[Source material]
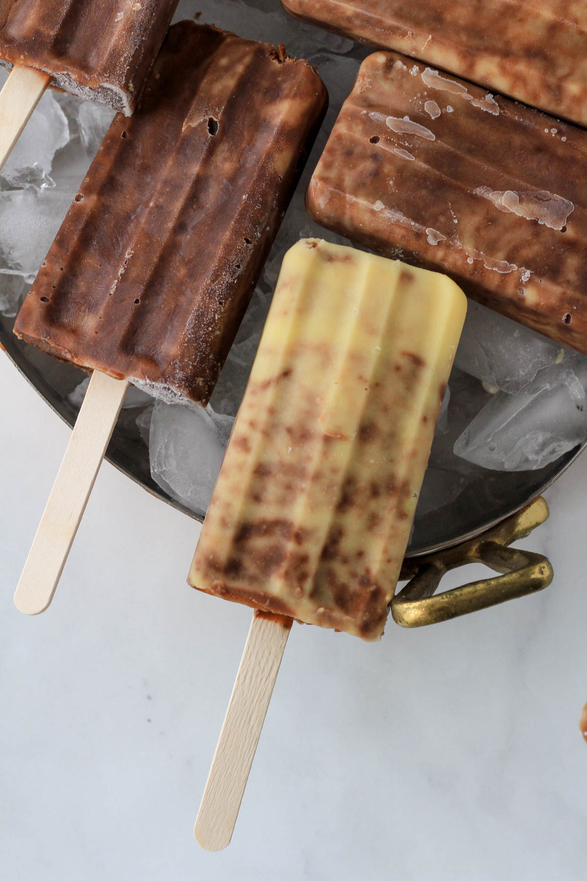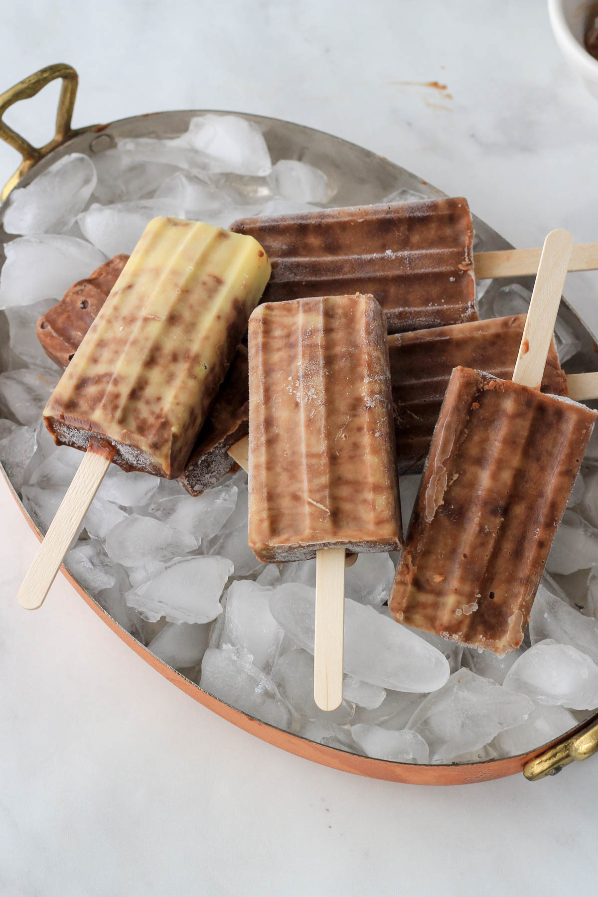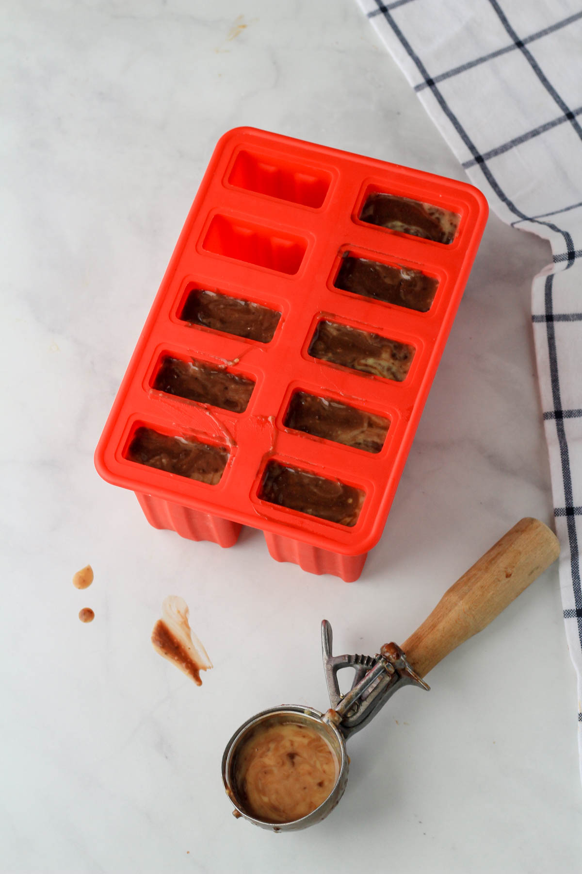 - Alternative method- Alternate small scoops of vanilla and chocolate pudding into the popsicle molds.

...

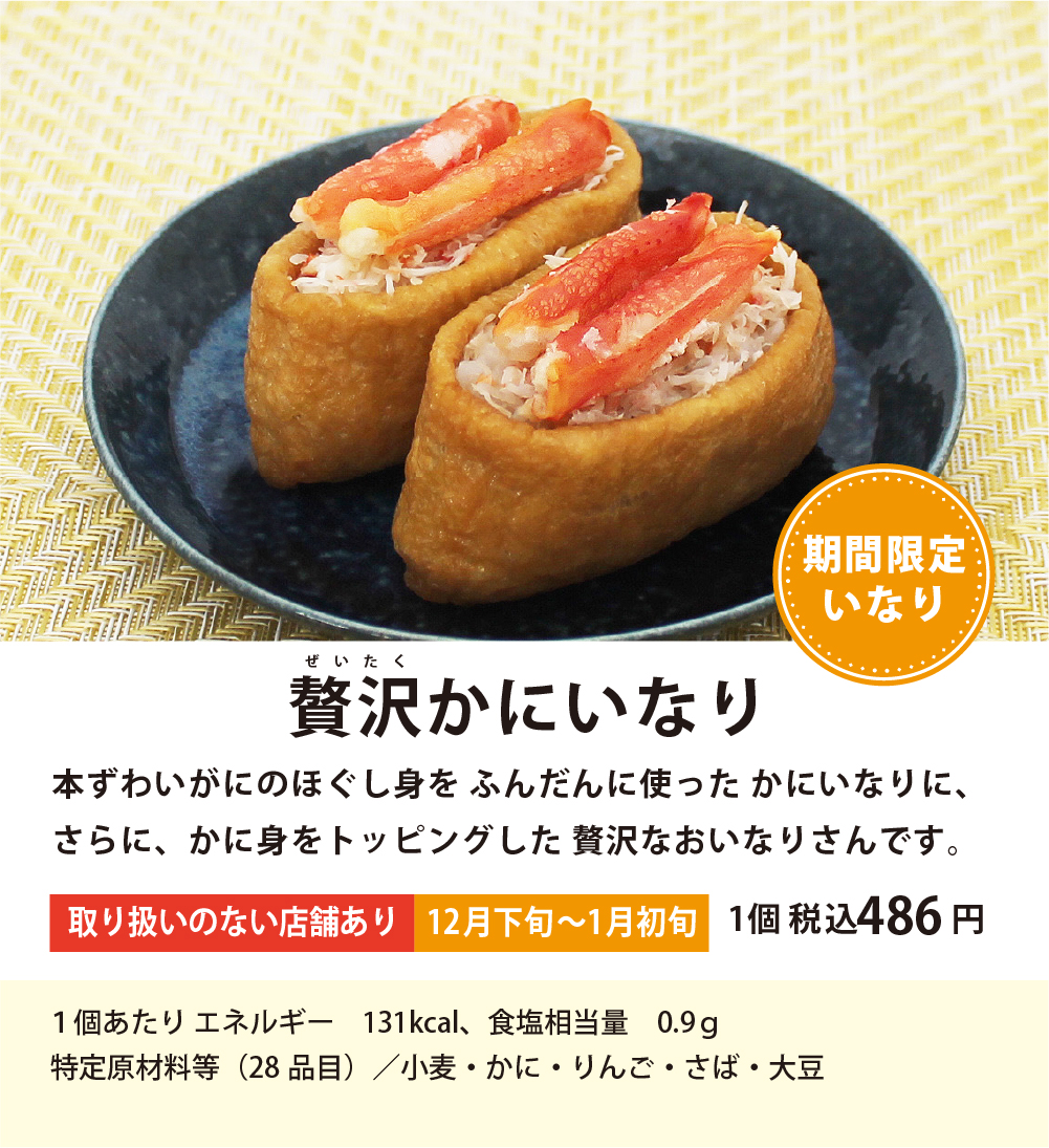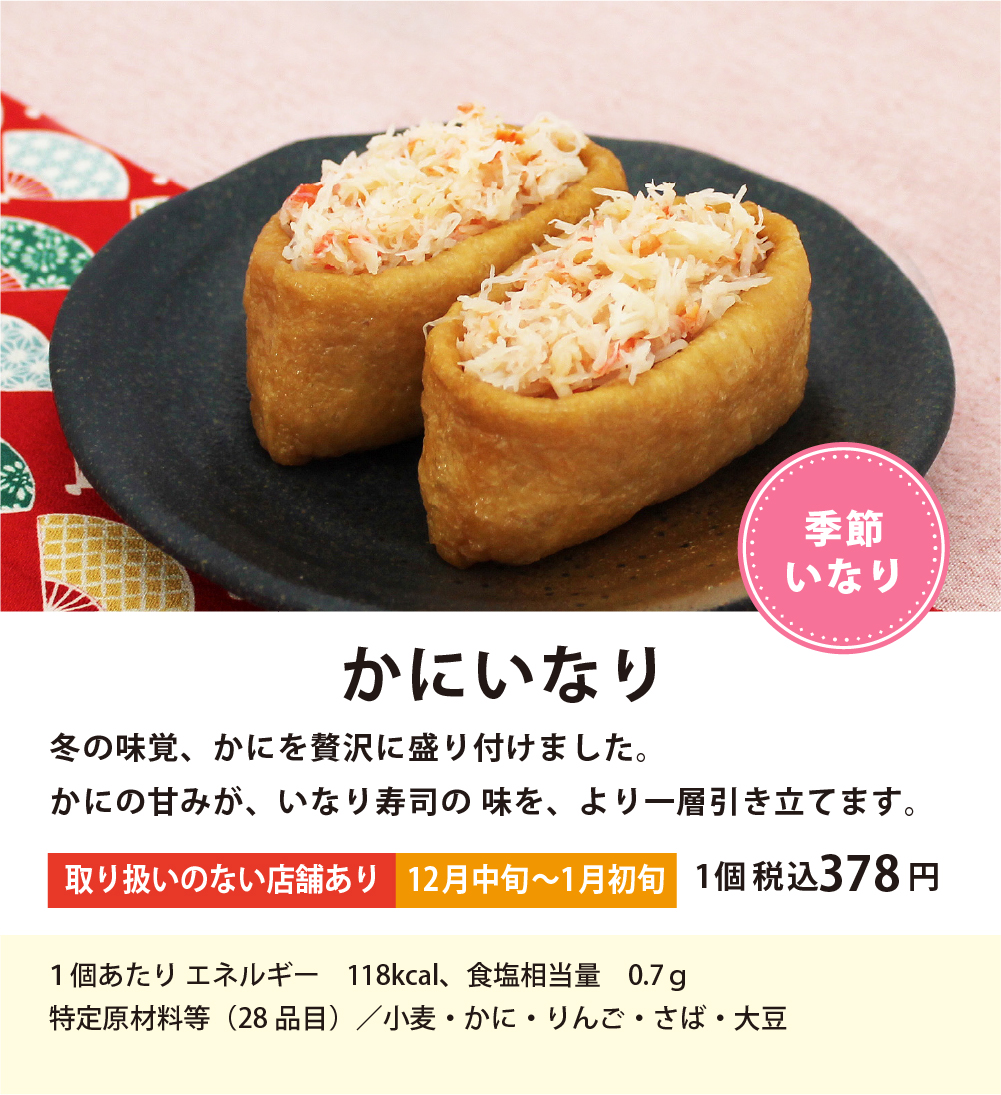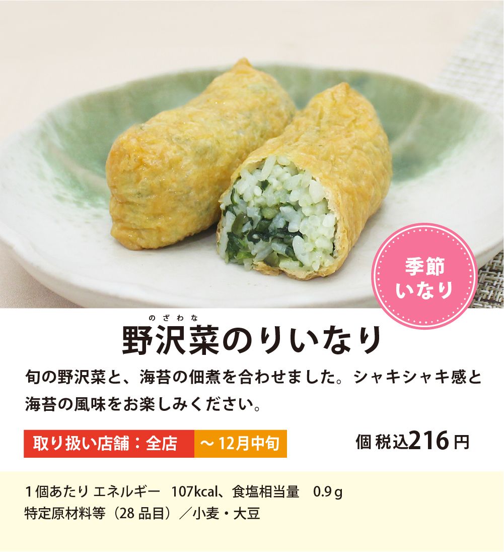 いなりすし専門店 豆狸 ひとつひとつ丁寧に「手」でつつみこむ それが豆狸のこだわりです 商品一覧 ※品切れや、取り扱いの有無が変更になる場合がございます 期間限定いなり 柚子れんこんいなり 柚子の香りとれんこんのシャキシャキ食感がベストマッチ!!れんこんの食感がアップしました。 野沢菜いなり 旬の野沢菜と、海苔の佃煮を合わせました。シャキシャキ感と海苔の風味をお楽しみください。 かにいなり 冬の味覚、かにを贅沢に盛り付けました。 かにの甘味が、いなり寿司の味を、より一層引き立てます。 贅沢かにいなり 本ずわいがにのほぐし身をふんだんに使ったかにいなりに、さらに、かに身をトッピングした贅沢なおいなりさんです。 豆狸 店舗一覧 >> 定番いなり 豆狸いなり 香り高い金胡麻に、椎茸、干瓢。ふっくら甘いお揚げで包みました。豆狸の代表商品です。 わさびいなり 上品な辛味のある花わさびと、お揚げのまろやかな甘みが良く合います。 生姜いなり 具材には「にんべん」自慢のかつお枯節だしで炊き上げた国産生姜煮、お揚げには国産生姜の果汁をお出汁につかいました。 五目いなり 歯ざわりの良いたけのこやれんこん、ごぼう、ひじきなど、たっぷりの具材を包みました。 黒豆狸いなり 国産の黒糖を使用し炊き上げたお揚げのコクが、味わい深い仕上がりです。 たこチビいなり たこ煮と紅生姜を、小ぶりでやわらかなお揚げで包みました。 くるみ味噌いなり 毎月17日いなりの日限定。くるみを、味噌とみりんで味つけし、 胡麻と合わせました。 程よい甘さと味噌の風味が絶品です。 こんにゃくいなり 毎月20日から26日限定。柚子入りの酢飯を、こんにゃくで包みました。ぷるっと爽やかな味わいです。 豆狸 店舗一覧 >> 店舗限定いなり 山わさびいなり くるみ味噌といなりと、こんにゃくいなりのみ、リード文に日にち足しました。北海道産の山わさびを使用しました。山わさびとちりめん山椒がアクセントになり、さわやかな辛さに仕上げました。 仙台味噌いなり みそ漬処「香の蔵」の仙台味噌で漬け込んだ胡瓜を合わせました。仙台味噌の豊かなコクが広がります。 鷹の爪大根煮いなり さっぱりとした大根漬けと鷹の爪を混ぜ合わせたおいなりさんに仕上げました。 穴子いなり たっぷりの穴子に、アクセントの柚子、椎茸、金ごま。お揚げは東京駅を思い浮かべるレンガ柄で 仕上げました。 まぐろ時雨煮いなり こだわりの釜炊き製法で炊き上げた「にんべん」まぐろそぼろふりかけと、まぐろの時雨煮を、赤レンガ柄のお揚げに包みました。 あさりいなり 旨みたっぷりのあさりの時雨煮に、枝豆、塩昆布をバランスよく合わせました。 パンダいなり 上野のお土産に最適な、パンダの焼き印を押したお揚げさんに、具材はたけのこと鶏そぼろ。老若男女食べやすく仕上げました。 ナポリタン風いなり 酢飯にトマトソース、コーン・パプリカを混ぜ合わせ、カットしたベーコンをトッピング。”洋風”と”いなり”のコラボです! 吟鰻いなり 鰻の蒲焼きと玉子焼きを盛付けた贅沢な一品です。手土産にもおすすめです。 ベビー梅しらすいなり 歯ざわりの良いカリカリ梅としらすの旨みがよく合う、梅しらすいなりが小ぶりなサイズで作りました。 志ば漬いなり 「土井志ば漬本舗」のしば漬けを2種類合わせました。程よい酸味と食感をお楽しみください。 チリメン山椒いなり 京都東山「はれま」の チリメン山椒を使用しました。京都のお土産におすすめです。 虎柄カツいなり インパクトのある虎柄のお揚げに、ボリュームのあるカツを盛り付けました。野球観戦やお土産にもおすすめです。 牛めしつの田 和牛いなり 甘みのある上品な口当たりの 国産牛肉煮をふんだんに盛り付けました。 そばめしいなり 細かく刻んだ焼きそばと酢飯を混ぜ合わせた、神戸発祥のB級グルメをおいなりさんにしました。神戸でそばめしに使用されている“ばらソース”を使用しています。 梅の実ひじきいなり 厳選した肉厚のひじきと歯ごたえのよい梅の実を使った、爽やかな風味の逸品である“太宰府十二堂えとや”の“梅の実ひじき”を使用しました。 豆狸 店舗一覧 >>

...

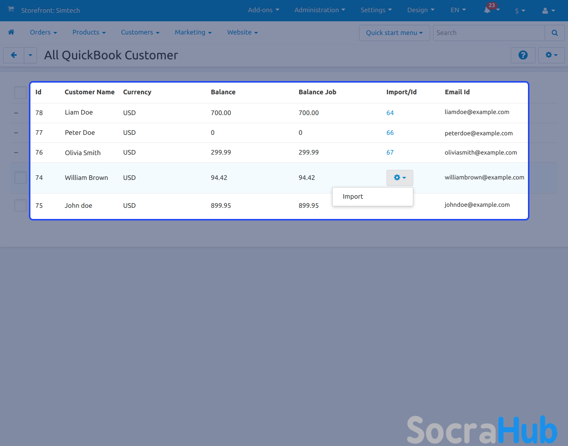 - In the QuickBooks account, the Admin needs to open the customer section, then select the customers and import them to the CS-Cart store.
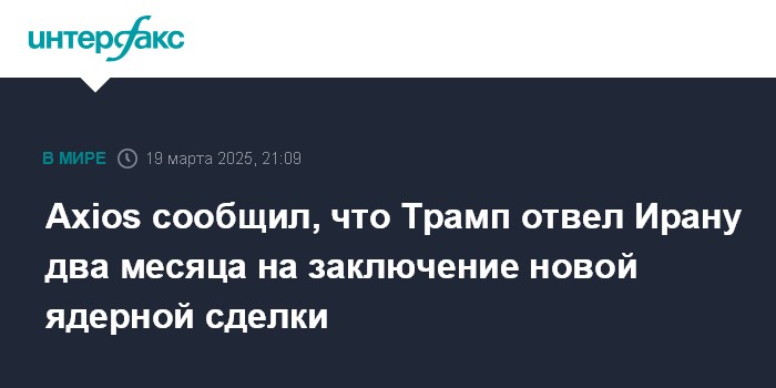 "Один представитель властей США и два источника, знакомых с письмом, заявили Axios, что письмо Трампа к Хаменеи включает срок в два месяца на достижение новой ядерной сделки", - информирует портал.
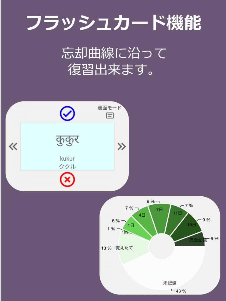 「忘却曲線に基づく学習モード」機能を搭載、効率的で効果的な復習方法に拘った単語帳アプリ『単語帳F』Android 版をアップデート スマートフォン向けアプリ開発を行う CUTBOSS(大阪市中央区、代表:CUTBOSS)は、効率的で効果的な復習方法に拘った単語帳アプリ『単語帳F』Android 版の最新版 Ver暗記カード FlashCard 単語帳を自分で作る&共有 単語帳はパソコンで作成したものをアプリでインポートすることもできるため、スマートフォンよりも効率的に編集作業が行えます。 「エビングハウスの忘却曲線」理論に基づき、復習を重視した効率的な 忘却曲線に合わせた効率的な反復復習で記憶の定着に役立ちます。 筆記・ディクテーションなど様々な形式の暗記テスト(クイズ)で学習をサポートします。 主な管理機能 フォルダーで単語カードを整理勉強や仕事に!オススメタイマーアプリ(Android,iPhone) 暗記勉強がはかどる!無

[Your task]
Looking above, find the stretch of lines that opens with the one holding "- информирует портал." and closes with the one holding "版の最新版 Ver暗記カード FlashCard". Copy it exactly, pictures excluded.

[Answer box]
 "Один представитель властей США и два источника, знакомых с письмом, заявили Axios, что письмо Трампа к Хаменеи включает срок в два месяца на достижение новой ядерной сделки", - информирует портал.
 「忘却曲線に基づく学習モード」機能を搭載、効率的で効果的な復習方法に拘った単語帳アプリ『単語帳F』Android 版をアップデート スマートフォン向けアプリ開発を行う CUTBOSS(大阪市中央区、代表:CUTBOSS)は、効率的で効果的な復習方法に拘った単語帳アプリ『単語帳F』Android 版の最新版 Ver暗記カード FlashCard 単語帳を自分で作る&共有 単語帳はパソコンで作成したものをアプリでインポートすることもできるため、スマートフォンよりも効率的に編集作業が行えます。 「エビングハウスの忘却曲線」理論に基づき、復習を重視した効率的な 忘却曲線に合わせた効率的な反復復習で記憶の定着に役立ちます。 筆記・ディクテーションなど様々な形式の暗記テスト(クイズ)で学習をサポートします。 主な管理機能 フォルダーで単語カードを整理勉強や仕事に!オススメタイマーアプリ(Android,iPhone) 暗記勉強がはかどる!無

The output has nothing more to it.